Trimming a block won't clear it at all.  It doesn't write to the cells
of the SSD either - at least not the ones being trimmed.  It just
tells the drive controller that the blocks are no longer in use.

Now, the drive controller needs to keep track of which blocks are in
use (which it does whether you use fstrim or not), and that data is
probably stored in some kind of flash so that it is persistent, but
presumably that is managed in such a manner that it is unlikely to
fail before the rest of the drive fails.

On a well-implemented drive trimming actually REDUCES writes.  When
you trim a block the drive controller will stop trying to preserve its
contents.  If you don't trim it, then the controller will preserve its
contents.  Preserving the content of unused blocks necessarily
involves more writing to the drive than just treating as
zero-fillled/etc.

Now, where you're probably getting at the concept of clearing and
zeroing data is that if you try to read a trimmed block the drive
controller probably won't even bother to read the block from the ssd
and will just return zeros.  Those zeros were never written to flash -
they're just like a zero-filled file in a filesystem.  If you write a
bazillion zeros to a file on ext4 it will just record in the
filesystem data that you have a bunch of blocks of zero and it won't
allocate any actual space on disk - reading that file requires no
reading of the actual disk beyond the metadata because they're not
stored in actual extents.  Indeed blocks are more of a virtual thing
on an SSD (or even hard drive these days), so if a logical block isn't
mapped to a physical storage area there isn't anything to read in the
first place.

However, when you trimmed the file the drive didn't go find some area
of flash and fill it with zeros.  It just marked it as unused or
removed its logical mapping to physical storage.

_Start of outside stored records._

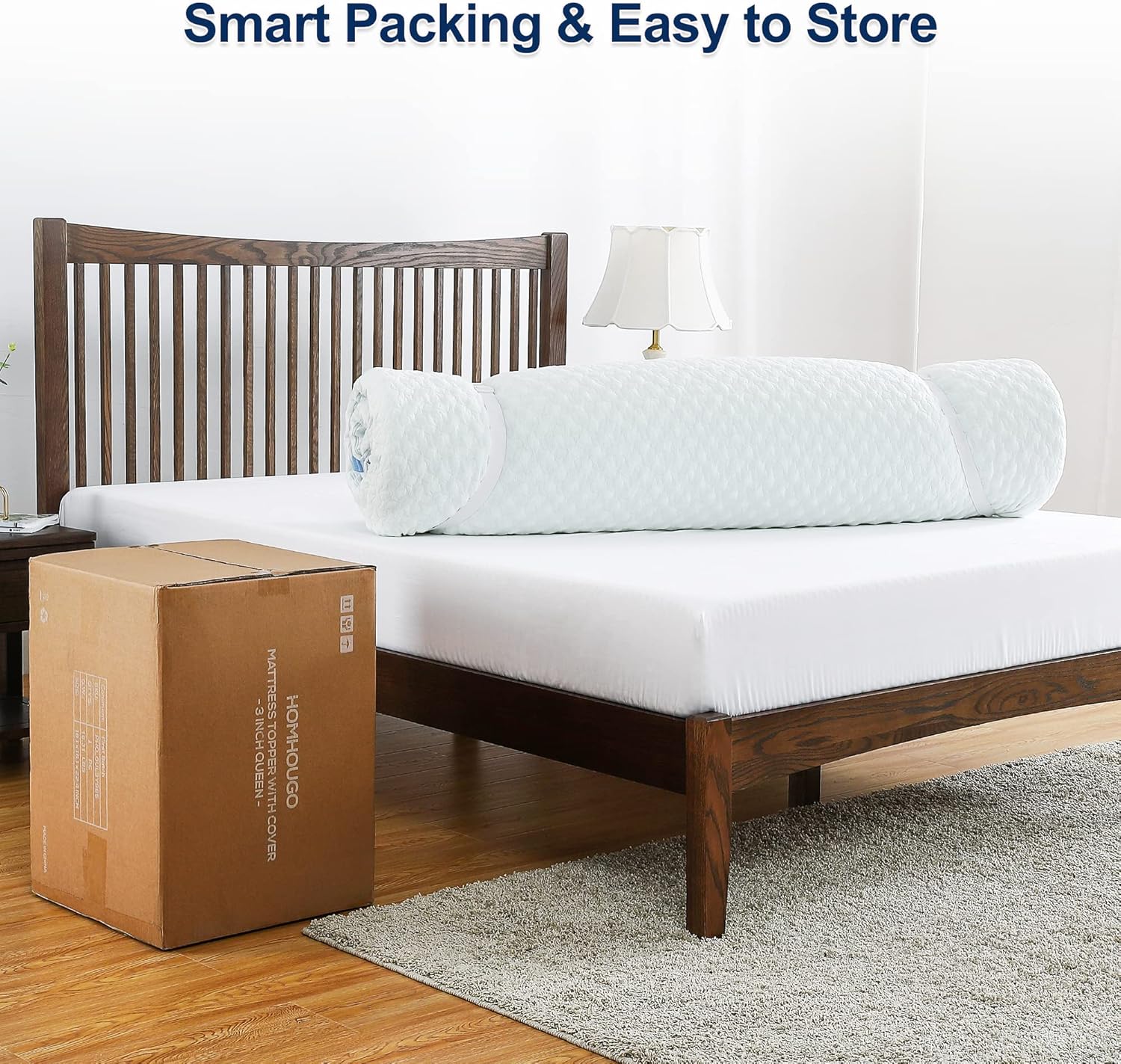 Mattress Topper Queen, Homhougo 3 Inch Green Tea Egg Crate Memory Foam Mattress Topper with Zippered Bamboo Cover, Cloud-Like Soft
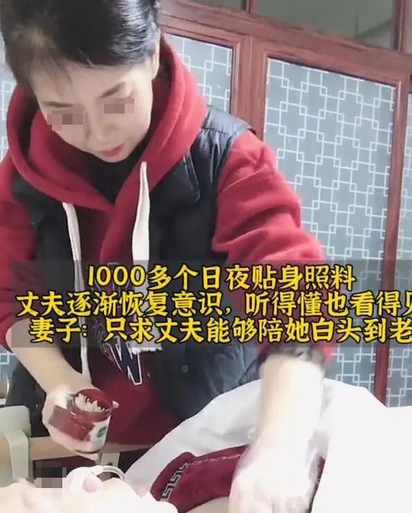 经过一千个日夜的贴身照顾,丈夫终于恢复意识,能够听得懂,也能看得见,女子的辛苦也算没有白费。
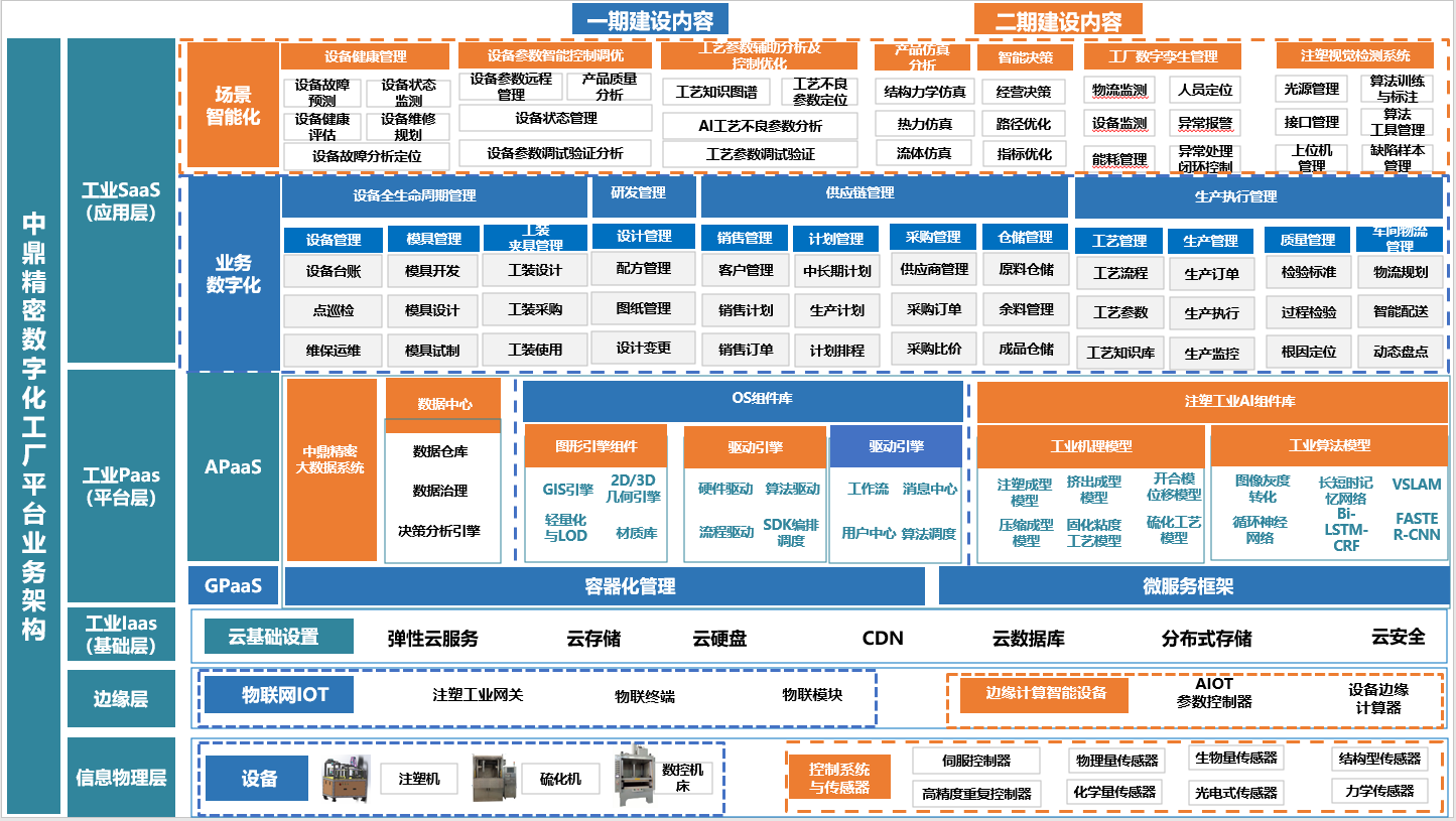 根據(jù)中鼎精密的數(shù)智化工廠平臺(tái)業(yè)務(wù),整體上按照工業(yè)互聯(lián)網(wǎng)及智能工廠技術(shù)架構(gòu),共部署5層業(yè)務(wù)架構(gòu),包括信息物理層、邊緣層、工業(yè)IaaS層、工業(yè)PaaS層(平臺(tái)層)、工業(yè)SaaS層(包括業(yè)務(wù)數(shù)字化和場景智能化)
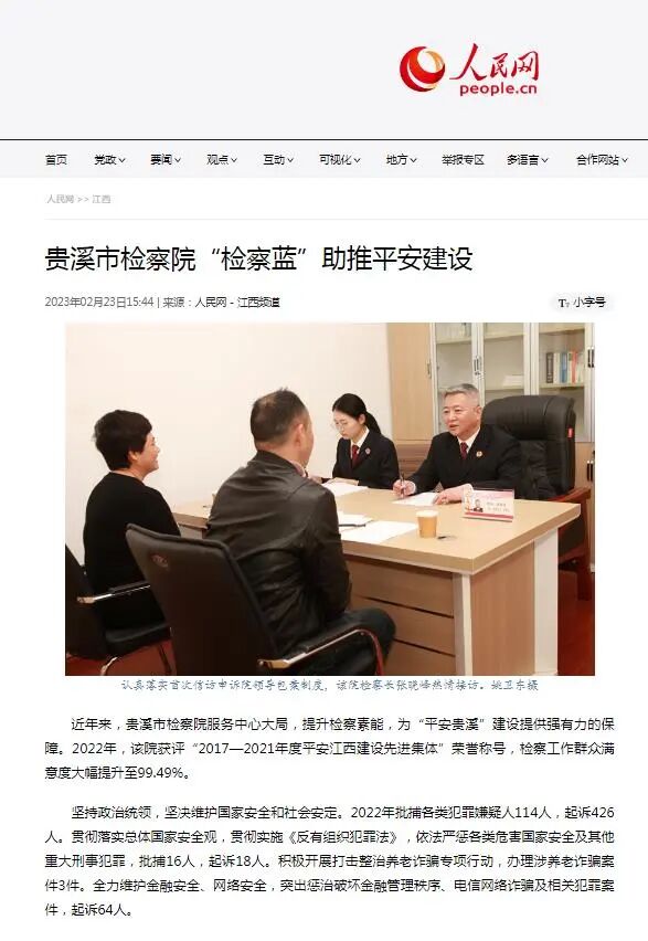 近年来,贵溪市检察院服务中心大局,提升检察素能,为“平安贵溪”建设提供强有力的保障。2022年,该院获评“2017—2021年度平安江西建设先进集体”荣誉称号,检察工作群众满意度大幅提升至99.49%。
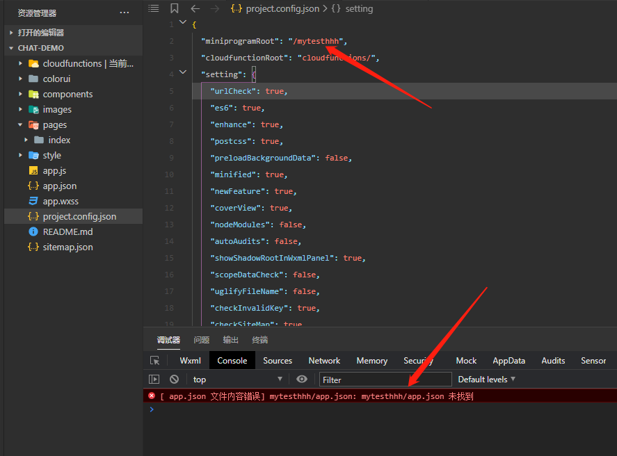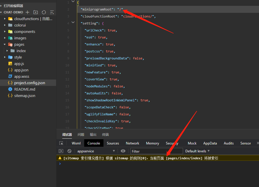 如图,我的根目录是/ (即我的app.json放在了最外面的文件夹中);
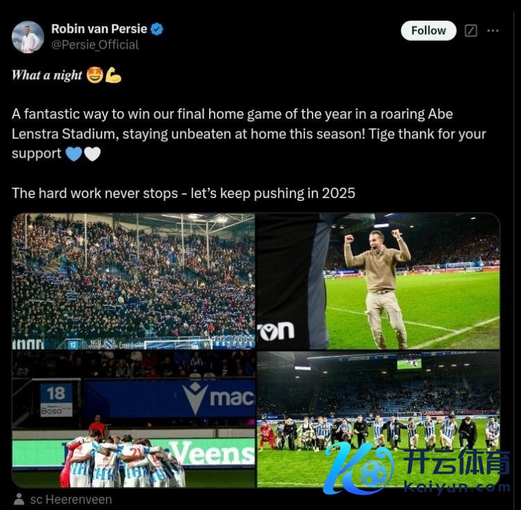 范佩西在个东说念主社媒晒照庆祝顺利,配文写说念:“何等精彩的夜晚!在山呼海啸般的阿贝-斯特拉球场以出色的相貌赢下本年临了一个主场比赛,本赛季于今仍未必保捏主场不败!感谢球迷们的撑捏!前路总会有重重艰难世界杯买球体育信息,让咱们2025年不竭加油!”

In theory you should be able to use discard or trim the filesystem
every 5 minutes with no negative effects at all.  In theory.  However,
many controllers (especially old ones) aren't well-implemented and may
not handle this efficiently.  A trim operation is still an operation
the controller has to deal with, and so deferring it to a time when
the drive is idle could improve performance, especially for drives
that don't do a lot of writes.  If a drive has a really lousy
controller then trims might cause its stupid firmware to do stupid
things.  However, this isn't really anything intrinsic to the concept
of trimming.

Fundamentally trimming is just giving the drive more information about
the importance of the data it is storing.  Just about any filesystem
benefits from having more information about what it is storing if it
is well-implemented.  In a perfect world we'd just enable discard on
our mounts and be done with it.

I'd probably just look up the recommendations for your particular
drive around trimming and follow those.  Somebody may have benchmarked
it to determine how brain-dead it is.  If you bought a more name-brand
SSD you're probably more likely to benefit from more frequent
trimming.

I'm personally using zfs which didn't support trim/discard until very
recently, and I'm not on 0.8 yet, so for me it is a bit of a moot
point.  I plan to enable it once I can do so.

-- 
Rich



Re: [gentoo-user] Understanding fstrim...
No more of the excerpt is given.